[kforge-dev] Authentication bug: not finding the cookie

Fri Nov 3 20:27:44 UTC 2006

John Bywater wrote:

> PS Hope to commit things shortly......

So I think I'm done with kforge.handlers for now. I think the problems 
we were having have been sorted out, every major line of execution is 
under test (I think). I can't see any more refactorings that would 
improve the code, and I'm mostly happy with the names of things.
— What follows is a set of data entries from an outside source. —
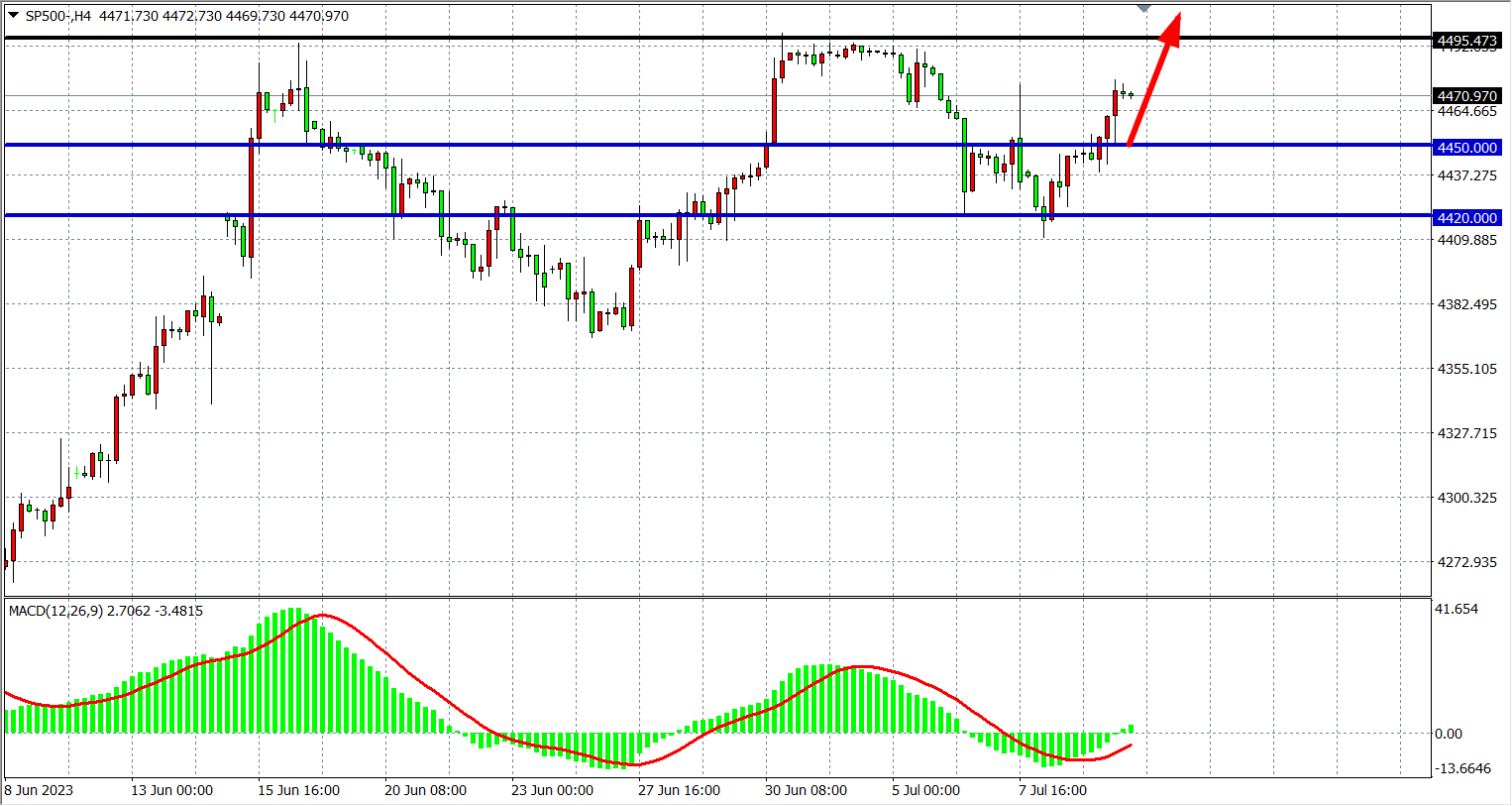 4小时图看,标普在4420之上进一步走高,MACD量能开始上穿零轴,反弹动能表现较强,支撑上移至4450-4420,上方阻力4490-4520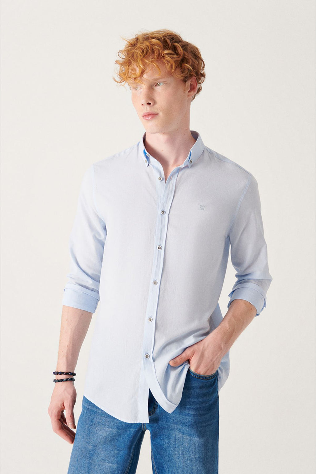 Men's Blue 100 %Cotton Futter Soft key buttoned collar shirt E002206
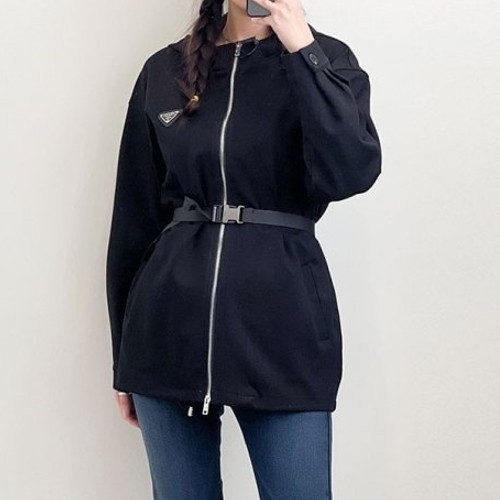 PRA*A 여성 후디 레터링 로고 벨트 집업 > 프라다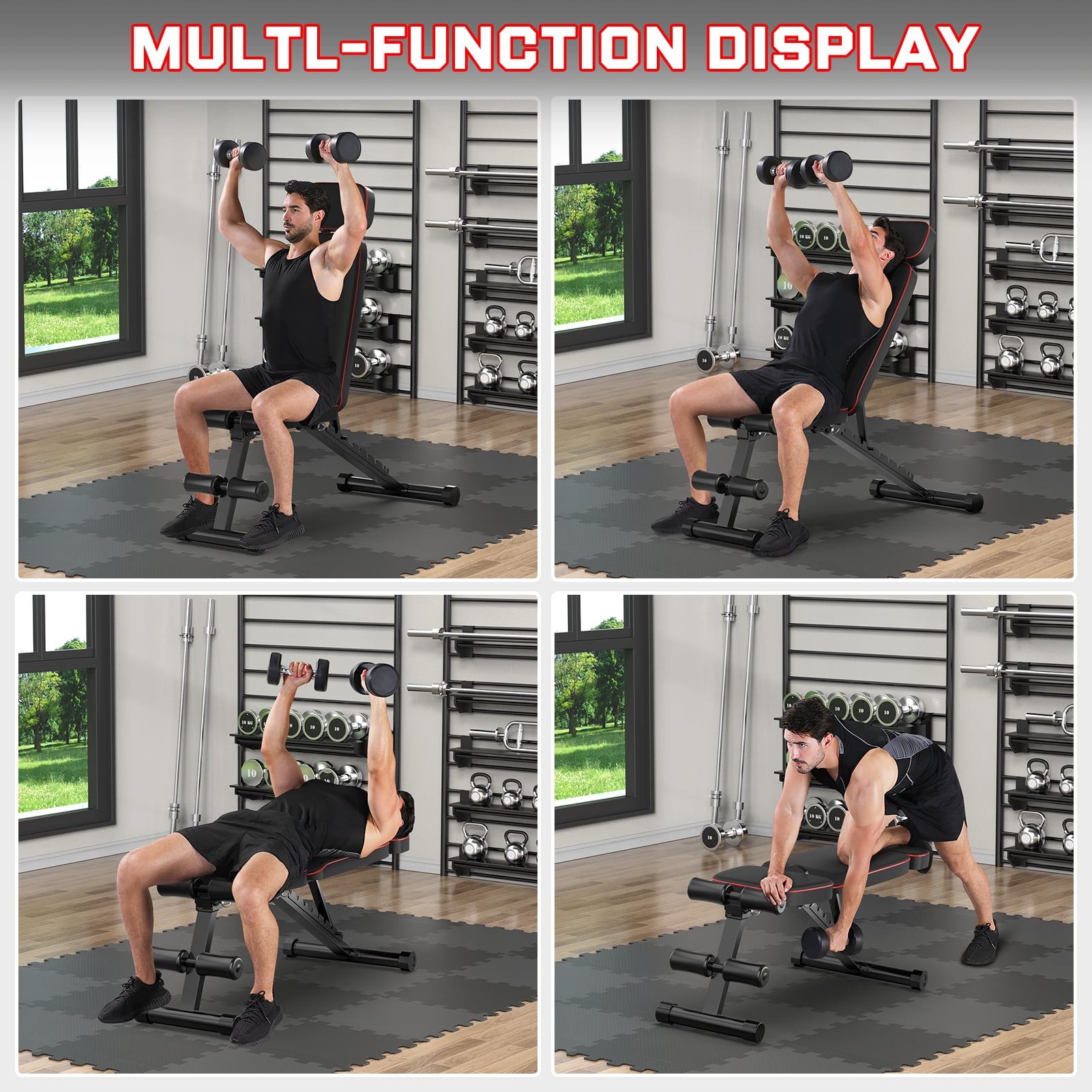 GIKPAL Adjustable Weight Bench Foldable Incline Bench Workout Dumbbell Bench Strength Training Bench for Home Gym Support up to 800lbs The GIKPAL adjustable Foldable weight bench is the unification of quality and functionality.It not only has excellent quality: high-quality leather, sturdy leg frame, can withstand 800lbs capacity; but also has complete functions: the backrest pad has 9 adjustable angles, which can make the weight bench adjust to different angles to complete different tasks. Exercises to exercise various muscle groups. Foldable bench, easy to carry and no assembly required, making it easy to store,When you’re done exercising, you can put it in the corner, in your closet, or under your bed. Save time, money, and space in your home gym by adding this weight bench to your workout routine.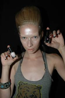 Eyes: On upper lid only use Black Ink Gel Liner heavily , and finish the eyes with a small amount of Beige Shimmer Brick. Add heavy amounts of mascara.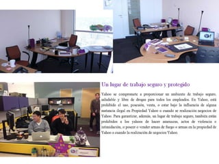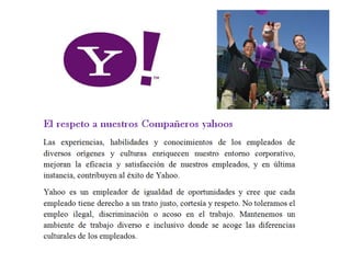 El documento resume la historia de la compañía Yahoo desde su fundación en 1994 hasta cambios recientes en 2013. Comenzó como un servicio de búsqueda en internet y se convirtió en una de las marcas más conocidas para 1999 con 185 millones de usuarios. En 2001, las acciones habían perdido valor y las ventas de publicidad se hundieron. En 2013, la nueva CEO introdujo cambios como eliminar productos no exitosos y actualizar el logo después de 18 años.

This was all about the access control handlers for the "project host" 
(ie for the virtual server which serves the project services such as 
Subversion and Trac applications). The issue is to prompt for 
authenticaion in one of two different ways depending on the client 
making the request.

The issue with the password prompt appearing for cookie-capable clients 
was resolved by returning 0 from the access handler when setting a 
redirect, instead of 200. I wrote about this here:

http://project.knowledgeforge.net/kforge/trac/browser/trunk/src/kforge/handlers/projecthost.py#L8

and here:

http://project.knowledgeforge.net/kforge/trac/browser/trunk/src/kforge/apache/apacheconfig.py#L211

I've put all the mod_python handlers for the KForge "project host" in 
the handlers/projecthost.py file. The handlers extend an abstract 
mod_python handler, which has common methods for handling requests, and 
which is in the handlers/base.py file. The project host *access* handler 
has responsibilities for responding to and access control based upon 
session cookies, and for redirecting to the KForge login page or 
deferring control to the authen handler if access is not allowed. The 
project host *authen* handler has responsibilities for authentication of 
and access control based upon credentials supplied through the 'Basic' 
password prompt.

The bug was caused when I replaced the modpython handler return value 
apache.OK (0) with apache.HTTP_OK (200) whilst assuming wrongly that 
they meant they same thing, had the same value, or at least would be 
treated in the same way. Handlers need to return apache.OK (or value 0) 
if they want be the last handler called for a given request under the 
'Satisfy any' condition, perhaps in order selectively to avoid 
triggering an AuthenHandler event with its otherwise unavoidable 'Basic' 
password prompt.

Hope this helps. I'm glad we finally got to the bottom of this, and have 
rewritten the handler code into something maintainable.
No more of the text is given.